Chung Fat is a Hong Kong-based actor, choreographer, producer, and director. He primarily stars in jiangshi fictions and martial art movies.

Early life 
Chung was born on 2nd December, 1953. He is a native of Guangdong province and of Han ethnicity. As a teenager, he was a Northern Praying Mantis practitioner with Lam Ching-ying, under Madame Fok's guidance. He became proficient in the use of a great variety of martial arts weapons and techniques.

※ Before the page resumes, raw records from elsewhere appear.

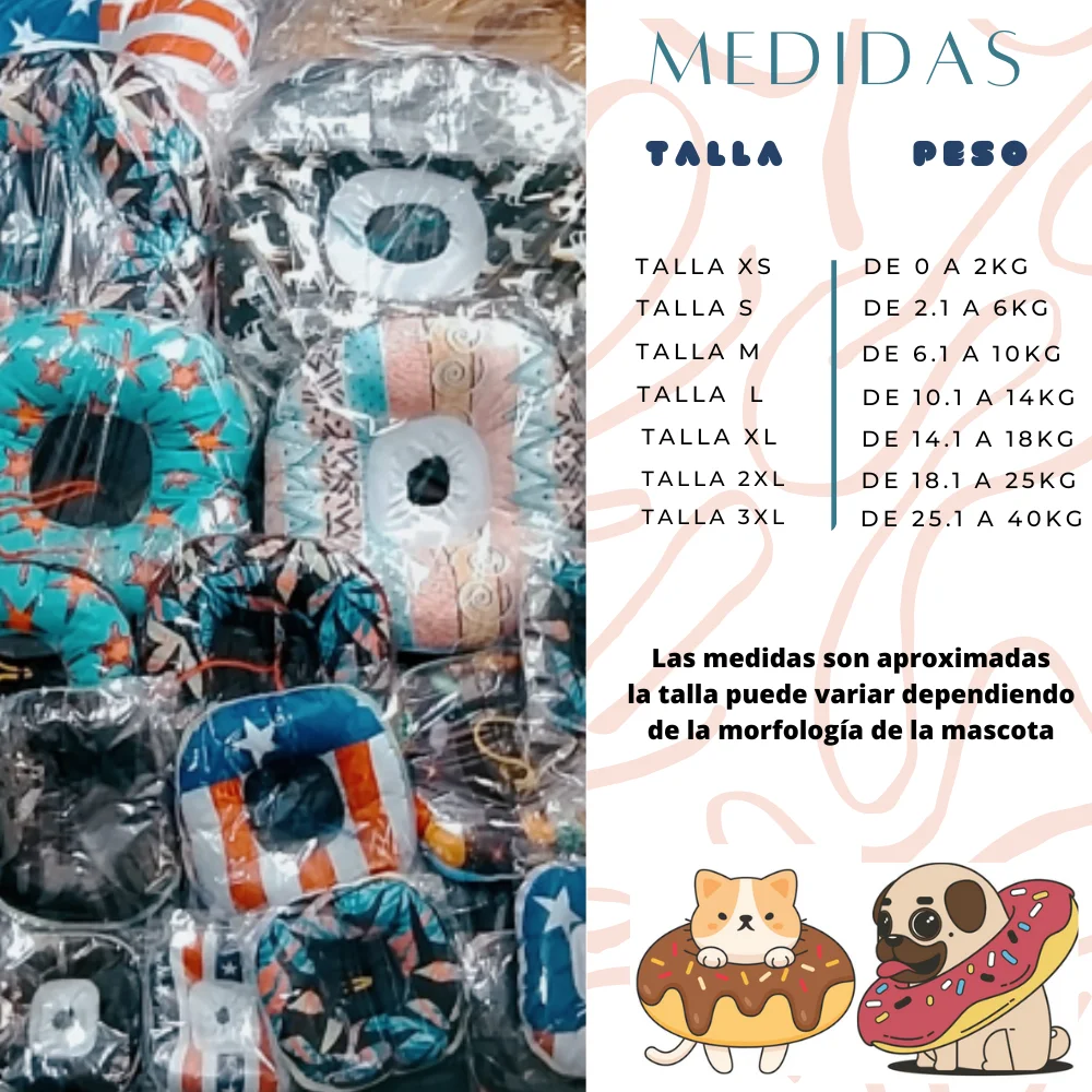 La dona isabelina sirve como un escudo protector para nuestras mascotas durante procedimientos quirúrgicos, tales como la esterilización u otras intervenciones. Esta herramienta contribuye a un proceso de cicatrización seguro y confortable para el animal. Además, la dona isabelina es versátil y se adapta a perros y gatos de todas las tallas.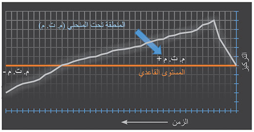| الشكل (1) طريقة تقدير التوفر الحيوي للڤيتامينات عن طريق حساب المساحة تحت المنحني (م. ت. م) لتركيز الڤيتامين وفق أوقات زمنية بعد تناوله، ومن الممكن أن تكون م. ت. م. موجبة أو سالبة. |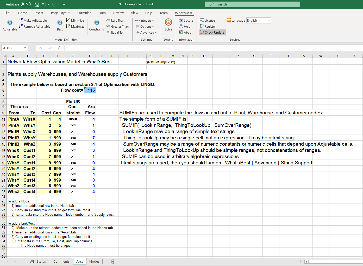Each arc has a From node, To node, Cost/unit flow, and Capacity.

He was trained by Madame Fan Kuk-fa of The Spring and Autumn Drama School.

Performing experience
Chung Fat debuted early on the silver screen, shooting Enter the Dragon (1973) with Bruce Lee. Chung stated, "You need thousands of extras, some of which must be at the pinnacle of martial arts, Lam Ching-ying was the fellow with the opportunity when they were hiring extras". Chung Fat had a small role as a security guard who fails to capture Lee, (Bruce Lee) when he investigates the island. In the film, Han (Kien Shih) is described to order Bolo, (Bolo Yeung) to kill him along with several of his colleagues for failing at their task.

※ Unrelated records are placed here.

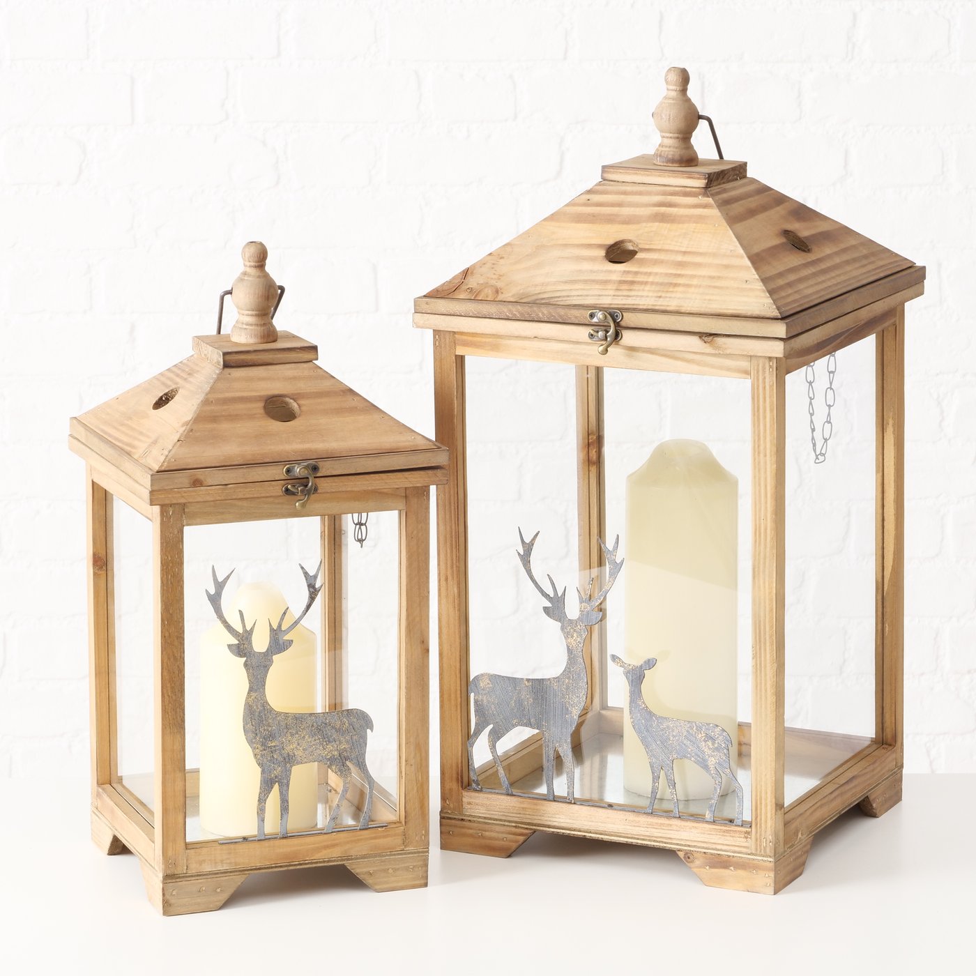 Laterne Trient, Holzlaterne mit Hirsch, 48cm, Boltze Home Collections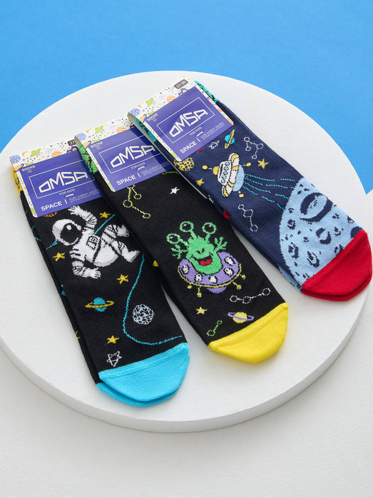 Носки детские для мальчиков Calzino 23P80 от Omsa Kids с разнообразными космическими принтами. В составе — высококачественный хлопок, который позволяет коже дышать, отлично впитывает влагу, приятно ощущается на теле и подходит даже для нежной и чувствительной кожи. Удобная резинка обеспечивает идеальное облегание, а кеттельный (плоский) шов на мыске создает дополнительный комфорт. Обладают повышенной износостойкостью, сохраняют форму и насыщенность цвета после стирок. Соответствуют гигиеническим требованиям для детской продукции. Красочные и яркие носки, которые наверняка понравятся юным исследователям космоса. Целая серия рисунков с космонавтами, инопланетянами, космическими кораблями и планетами точно не оставит ребенка равнодушным — носки станут прекрасным подарком на любой праздник. Продукция Omsa Kids создана с заботой и любовью к детям.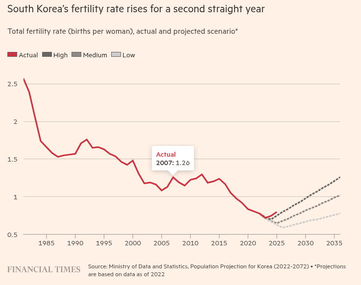 Korea’s whole fertility charge — the common variety of kids a lady is anticipated to have over her lifetime — climbed to 0.8 final yr, up from 0.75 in 2024 and an all-time low of 0.72 in 2023, official knowledge launched on Wednesday confirmed. The determine was higher than even the federal government’s most optimistic projections for 2025 however stays far beneath the two.1 threshold that demographers take into account obligatory to keep up a secure inhabitants, absent web immigration. Births climbed in 2025 to 254,500, up 6.8 per cent from the yr earlier than and the very best determine since 2021.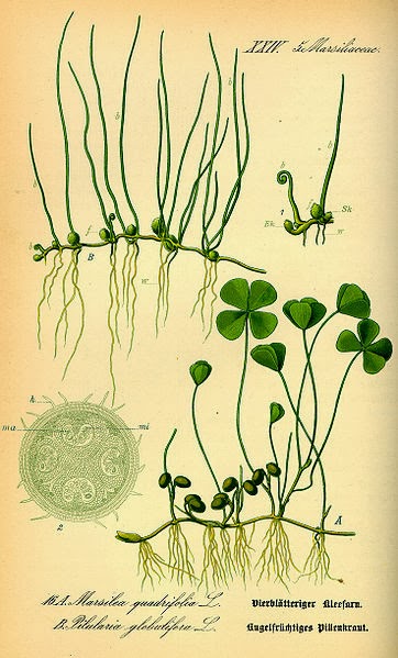 Spójrzcie na świetną rycinę z 'Flora von Deutschland, Österreich und der Schweiz' prof. Otto W. Thomé (1885,Niemcy), przedstawiającą Marsilea quadrifolia i drugą, występującą na naszych terenach, bagienną paproć - Pilularia globulifera( gałuszka kulecznica). Rycina dokładnie pokazuje jej budowę, (małe, ciemne 'fasolki' nad kłączem to sporokarpia) i sposób rozprzestrzeniania się.
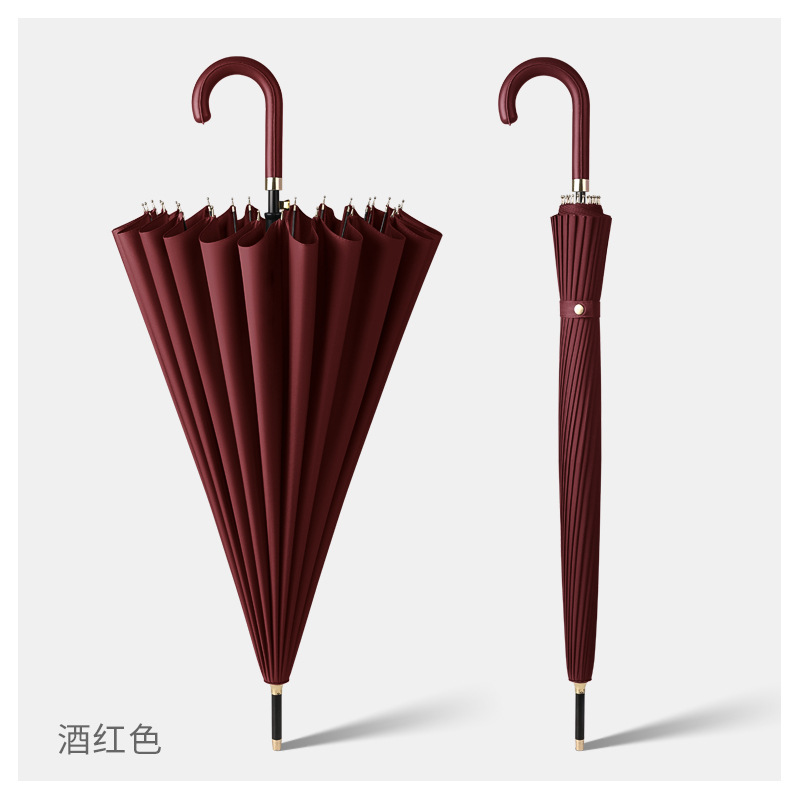 • 버건디 [수동 24본 - 컬러 매칭 곡선 손잡이 - 금속 총알 - 섬유 질긴 뼈] (무료 우산 커버)

With this opportunity, he entered the movies circle, being at the front line for more than 30 years, in addition to his jiangshi-themed films. Chung only had three protagonist roles in his career, instead often being cast in supporting, secondary or mainly villain roles. He also has worked as a director, choreographer, and planner.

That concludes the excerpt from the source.